### Exercise brief
In the entries that follow, find the line containing "শাহজালাল বিজ্ঞান ও" and the line containing "数据库,DB6,MAT Q4 2024", then copy exactly everything from the first through the second except the pictures.

### Given information
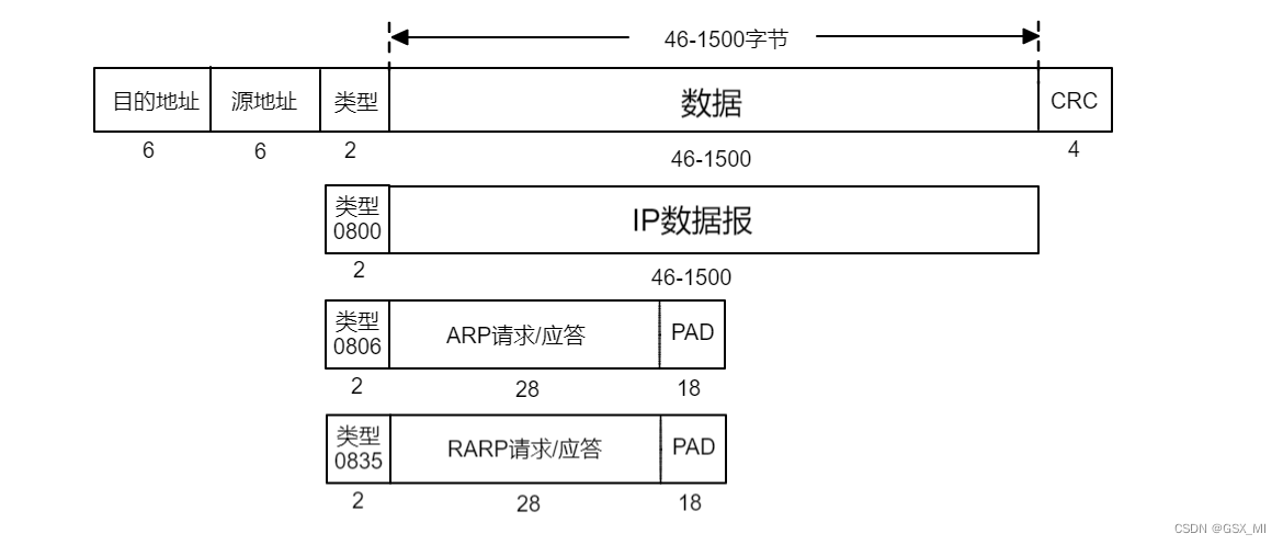 - 此外,以太网规定MAC帧中数据的最小长度为46字节,如果发送数据量小于46字节,则需要在数据后面补填充位,比如ARP数据包的长度就是不够46字节的
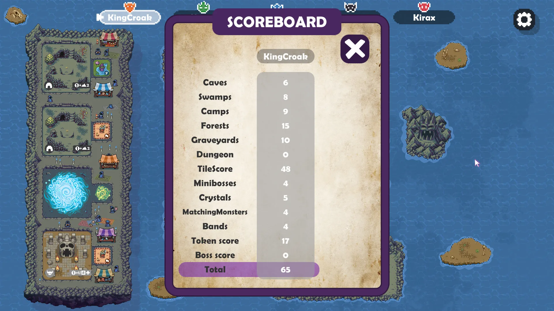 Swamps get Power points for being adjacent to coasts and other Swamps. Graveyards give a big bonus to whoever collects the most, while Forests increase in Power as you collect more.
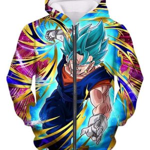 Dragon Ball Super Fusion Technique Warrior Vegito Super Saiyan Blue Graphic Zip Up Hoodie
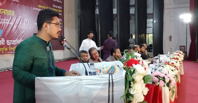 শাহজালাল বিজ্ঞান ও প্রযুক্তি বিশ্ববিদ্যালয়ের কেন্দ্রীয় মিলনায়তনে অনুষ্ঠিত ‘জুলাই স্মৃতি: শাবিপ্রবি’ গ্রন্থের মোড়ক উন্মোচন অনুষ্ঠানে বিতর্কিত বক্তব্য দিয়েছেন ঢাকা বিশ্ববিদ্যালয় কেন্দ্রীয় ছাত্র সংসদের ভিপি ও বাংলাদেশ ইসলামী ছাত্রশিবিরের কেন্দ্রীয় প্রকাশনা সম্পাদক সাদিক কায়েম।
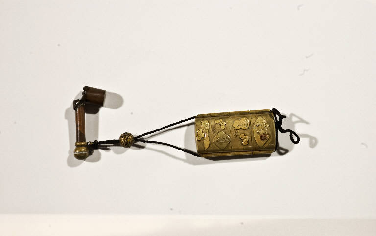 L'ojime ha forma sferica, decorato con foglie incise in basso rilievo.
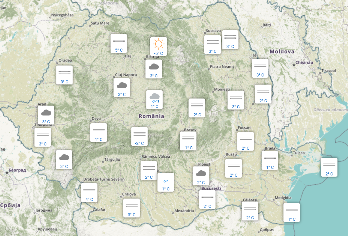 În Moldova a fost ceață, iar la Suceava, Botoșani și Iași au fost 3 grade. Tot 3 grade Celsius s-au înregistrat și la Craiova, Oradea, Arad și Timișoara.
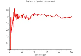 De relatieve frequentie gaat bij het gooien van een munt naar 0,5.
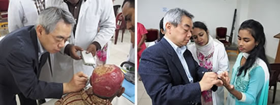日本・バングラデシュ医療協会 (JBMA) が支援している医師交流プログラムにより、これまで計9名のバングラデシュ医師が東京女子医科大学病院での研修を行っています。さらに日本から医師を派遣し、現地の臨床指導を行うという第2のミッションを遂行していくため、第3回目のダッカ医科大学形成外科熱傷センター (National Institute of Burn and Plastic Surgery, Dhaka Medical College & Hospital) 訪問を、2017年3月19日(日)~23日(木) に行いました (24日帰国)。 翌3月20日は、ホテルからダッカ医科大学形成外科へ向かい、Kalam教授やDr.Senの出迎えを受け、我々のミッションがスタートしました。 |
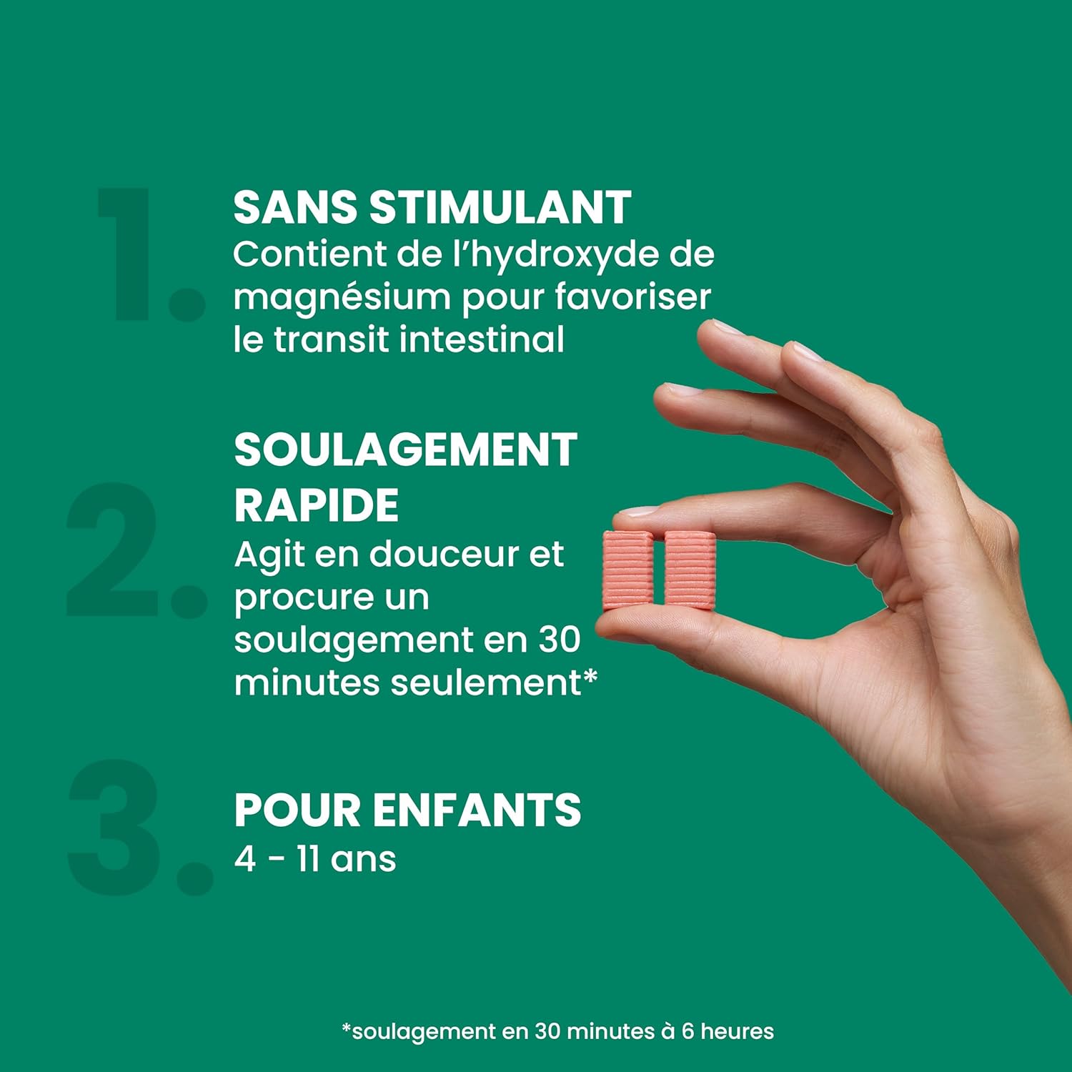 当您需要可预测的、偶尔缓解便秘时,DulcoLax 儿童软咀嚼片是您的最佳选择。这些缓解便秘的泻药为纯素食产品,不含麸质和兴奋剂。它们拥有美味的浆果口味,每个人都会喜欢。DulcoLax 儿童软咀嚼片可增加肠道水分滞留,刺激排便,软化粪便,使其更快排出。这些咀嚼片性质温和,只需 30 分钟即可缓解便秘(1)。DulcoLax 是全球排名第一的非处方泻药品牌(2),适用于 4 岁及以上儿童。查看其他 DulcoLax 产品,找到最适合您的产品。DulcoLax 拥有 60 多年的值得信赖历史,随时准备为您缓解偶尔的便秘。为确保本产品适合您,请务必阅读并遵循标签说明。(1) 起效时间为 30 分钟至 6 小时。 (2)基于 Nicholas Hall 的全球 CHC 数据库,DB6,MAT Q4 2024
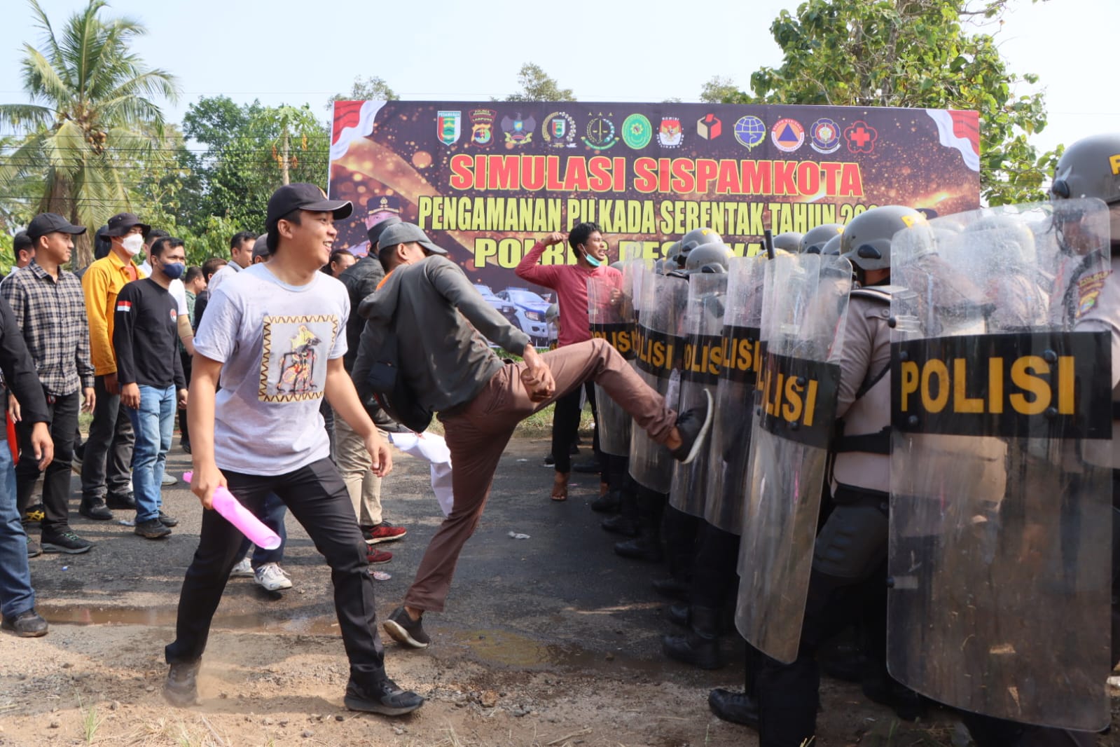 Usai simulasi di TPS, kegiatan berlanjut dengan simulasi pengendalian massa (dalmas) yang berlangsung di depan kantor KPU Pesawaran. Dalam skenario ini, eskalasi situasi yang awalnya kuning, di mana massa masih terkendali, meningkat menjadi merah ketika massa bertambah dan mulai menunjukkan tindakan anarkis. Untuk mengatasi situasi ini, personel Brimob Polda Lampung dan Polres Pesawaran turut dikerahkan untuk melaksanakan aksi penguraian massa.
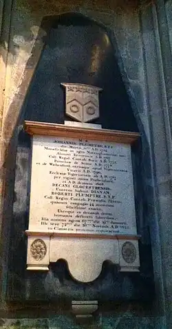 John Plumptre (11 March 1754 โ 26 November 1825) was an English Anglican dean[1] and author.[2] He was educated at Eton[3] and King's College, Cambridge (elected Fellow, 1776). From 1778 until his death on 26 November 1825, he was Vicar of Stone, Worcestershire; to which he added, in 1790, the living at Wichenford; and, in 1808, the office of Dean of Gloucester.
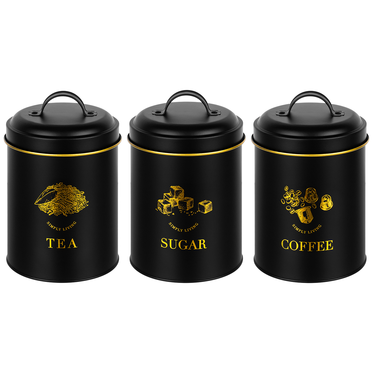 БЫЛО 1943 руб! Набор банок д/сыпучих продуктов 3 пр. 1,1 л 11,7*11,7*17 см "Tea, coffee, sugar" + крышки с ручк

### Task response
 শাহজালাল বিজ্ঞান ও প্রযুক্তি বিশ্ববিদ্যালয়ের কেন্দ্রীয় মিলনায়তনে অনুষ্ঠিত ‘জুলাই স্মৃতি: শাবিপ্রবি’ গ্রন্থের মোড়ক উন্মোচন অনুষ্ঠানে বিতর্কিত বক্তব্য দিয়েছেন ঢাকা বিশ্ববিদ্যালয় কেন্দ্রীয় ছাত্র সংসদের ভিপি ও বাংলাদেশ ইসলামী ছাত্রশিবিরের কেন্দ্রীয় প্রকাশনা সম্পাদক সাদিক কায়েম।
 L'ojime ha forma sferica, decorato con foglie incise in basso rilievo.
 În Moldova a fost ceață, iar la Suceava, Botoșani și Iași au fost 3 grade. Tot 3 grade Celsius s-au înregistrat și la Craiova, Oradea, Arad și Timișoara.
 De relatieve frequentie gaat bij het gooien van een munt naar 0,5.
日本・バングラデシュ医療協会 (JBMA) が支援している医師交流プログラムにより、これまで計9名のバングラデシュ医師が東京女子医科大学病院での研修を行っています。さらに日本から医師を派遣し、現地の臨床指導を行うという第2のミッションを遂行していくため、第3回目のダッカ医科大学形成外科熱傷センター (National Institute of Burn and Plastic Surgery, Dhaka Medical College & Hospital) 訪問を、2017年3月19日(日)~23日(木) に行いました (24日帰国)。 翌3月20日は、ホテルからダッカ医科大学形成外科へ向かい、Kalam教授やDr.Senの出迎えを受け、我々のミッションがスタートしました。 |
 当您需要可预测的、偶尔缓解便秘时,DulcoLax 儿童软咀嚼片是您的最佳选择。这些缓解便秘的泻药为纯素食产品,不含麸质和兴奋剂。它们拥有美味的浆果口味,每个人都会喜欢。DulcoLax 儿童软咀嚼片可增加肠道水分滞留,刺激排便,软化粪便,使其更快排出。这些咀嚼片性质温和,只需 30 分钟即可缓解便秘(1)。DulcoLax 是全球排名第一的非处方泻药品牌(2),适用于 4 岁及以上儿童。查看其他 DulcoLax 产品,找到最适合您的产品。DulcoLax 拥有 60 多年的值得信赖历史,随时准备为您缓解偶尔的便秘。为确保本产品适合您,请务必阅读并遵循标签说明。(1) 起效时间为 30 分钟至 6 小时。 (2)基于 Nicholas Hall 的全球 CHC 数据库,DB6,MAT Q4 2024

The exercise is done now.